The League of Blood Incident (血盟団事件, Ketsumeidan Jiken) was a 1932 assassination plot in Japan in which extremists targeted wealthy businessmen and liberal politicians. The group chose twenty victims but succeeded in killing only two: former Finance Minister and head of the Rikken Minseitō political party, Junnosuke Inoue, and the Director-General of Mitsui Holding Company, Dan Takuma.

The arrest of the assassins led to the discovery of the existence of a civilian ultranationalist, fascist group led by self-styled Buddhist preacher, Nisshō Inoue.

==Background==
Born as Inoue Shirō in 1886 in Gunma Prefecture, Nisshō spent his young adult life as a drifter and adventurer, eventually ending up in north and northeast China gathering information for the Japanese military. After a series of mystical experiences in 1923–24, Inoue became convinced that Japan required spiritual rebirth and that he was called to be its savior. He established a school in Ibaraki Prefecture to promote agrarianism and social reform, which gradually evolved into a training center for ultra-rightist radicals. He adopted the name Nisshō ("Called by The Sun") along with ideas and symbols derived from Nichiren Buddhism.

After the October incident, a failed coup d'état by rightist Army officers of the Sakurakai ultranationalist secret society in 1931, Inoue became convinced that national reform could be achieved only through violent confrontation with what he saw as the forces of evil: pro-Western liberal politicians and zaibatsu business interests. He devised the slogan "ichinin issatsu" ("one person, one kill") and drew up a list of twenty politicians and business leaders whose assassination would be the first step toward restoring supreme political power to the Emperor, a platform known as the "Shōwa Restoration".

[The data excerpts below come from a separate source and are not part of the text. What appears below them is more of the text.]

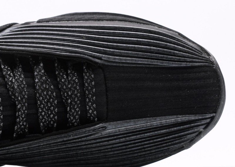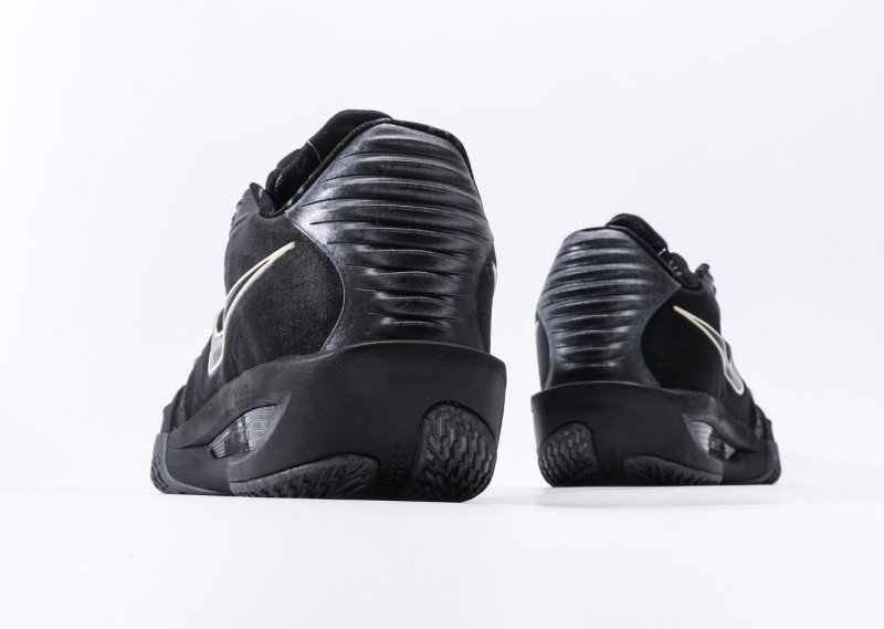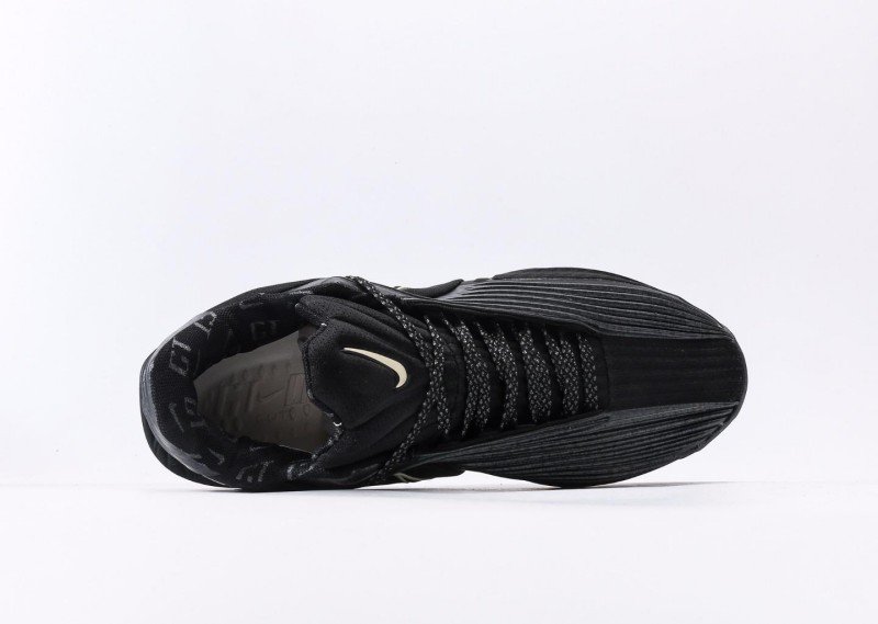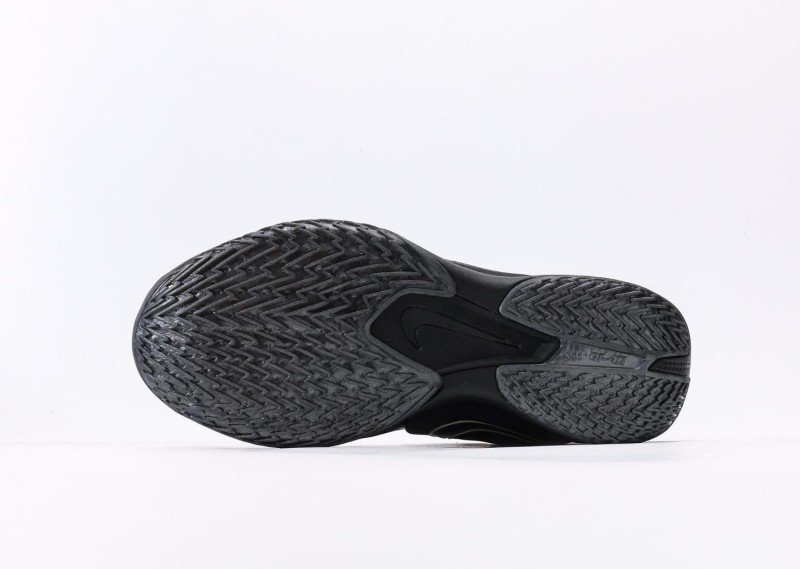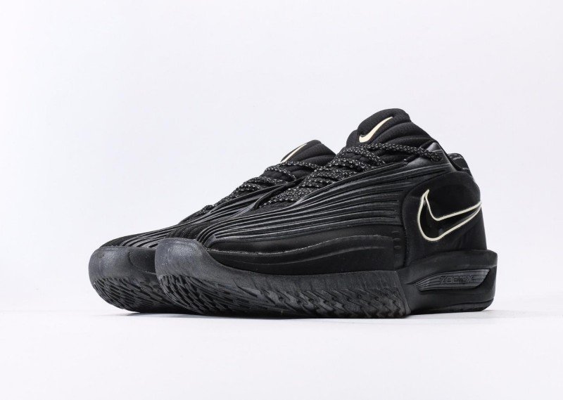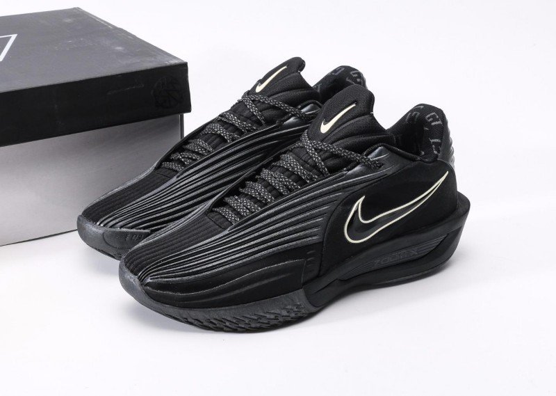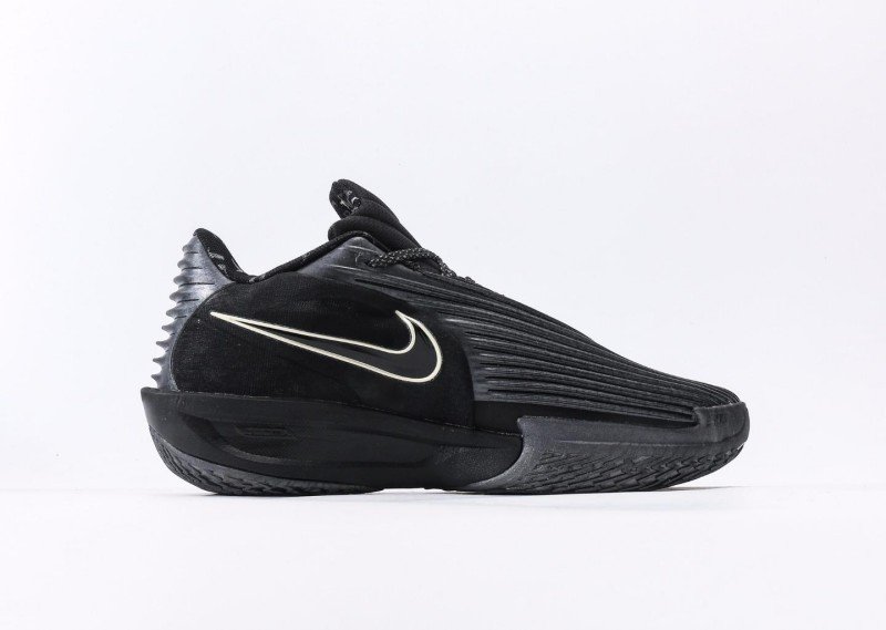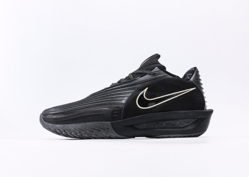Nike G.T. Cut 3 EP features dense horizontal stripes, all-black upper with gold Swoosh logo, blending night cool black style and technology.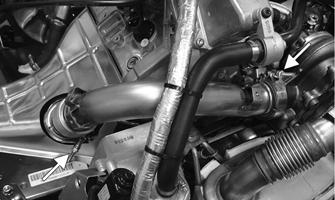 9.Remove the hose clamp securing the coolant hose to the vapor tank; then remove the hose clamp securing the coolant hose from the bottom of the turbo.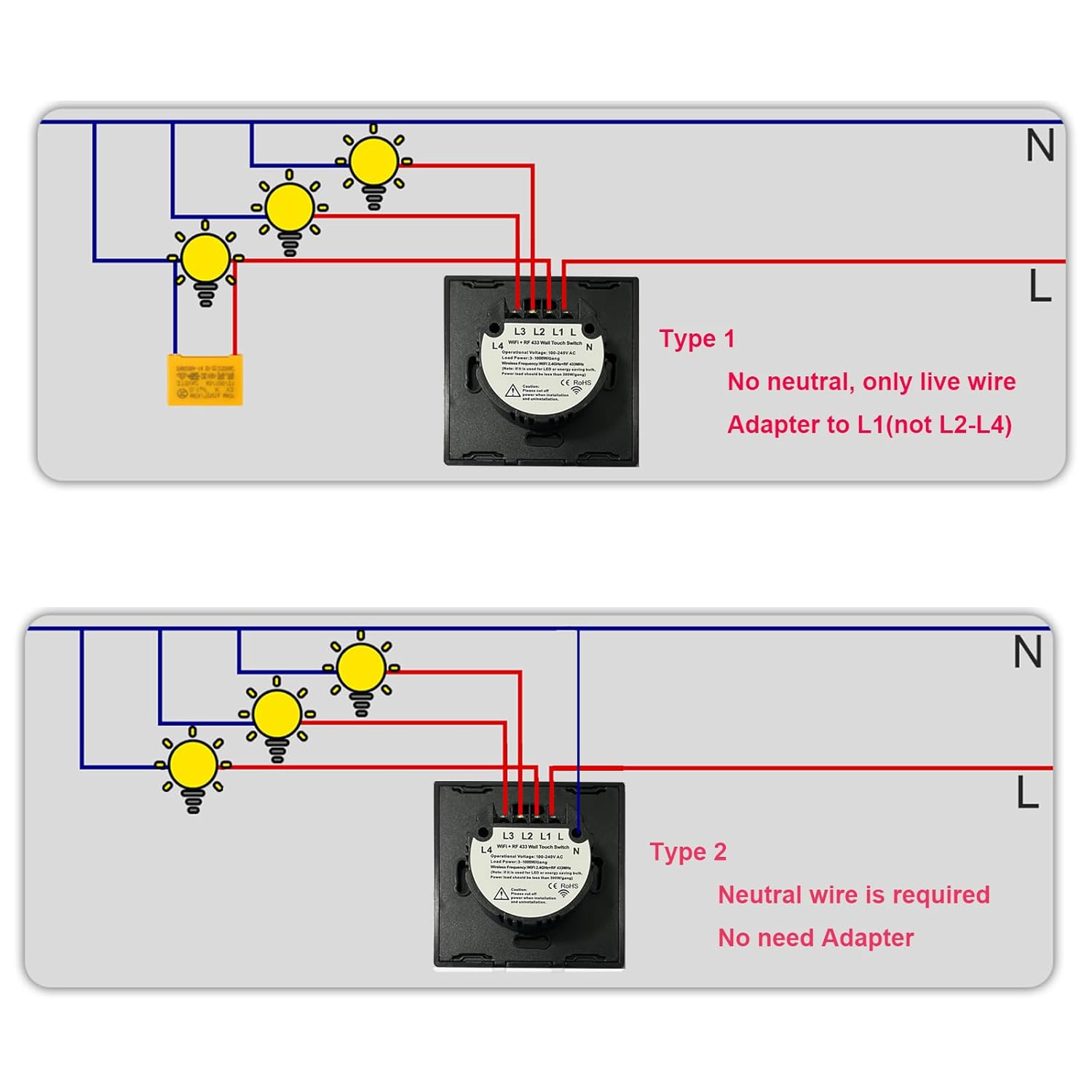 Easily Install: Bkiyougo Light Switch Use Standard size, screwless snap-on wall plate. Manual will guide you through the wiring process and set the App. No hub required, for 2.4G Wi-Fi only (NOT 5G). 1-Way wiring, Neutral wire is required. Power supply: 600W/gang, AC 90-250V.

Inoue's original group made contact with a group of extremist officers in the Imperial Japanese Navy, who strongly objected to Japan's acceptance of the Washington Naval Treaty of 1922, and a group of right-wing university students from Tokyo. Inoue distributed Browning automatic pistols to his followers; however, only two actually carried out their missions.

==Assassinations==
On 9 February 1932, Shō Onuma gunned down Junnosuke Inoue as he stepped from his car at the Komamoto Elementary School in Tokyo, where he was scheduled to give a political speech. On 5 March 1932, Gorō Hishinuma waited outside the entrance to Mitsui Bank in Nihonbashi, Tokyo, with a picture of Takuma Dan in his pocket. When Dan arrived, he shot him dead on the spot. Both killers were apprehended immediately. On 11 March 1932, Inoue turned himself in at the Tokyo Metropolitan Police Department. Two months later, in the May 15 Incident, of 1932, Japanese naval officers, including some associated with the League of Blood, assassinated Prime Minister Inukai Tsuyoshi.

==Aftermath==
The phrase "League of Blood" is somewhat of a misnomer, as it referred to an oath of loyalty supposedly taken by the conspirators, but there is no evidence that it was a "blood oath" in any technical sense. Nevertheless, the term "League of Blood" (血盟団, ketsumeidan) appeared in the popular press during the group's trial and was adopted by the lead prosecutor.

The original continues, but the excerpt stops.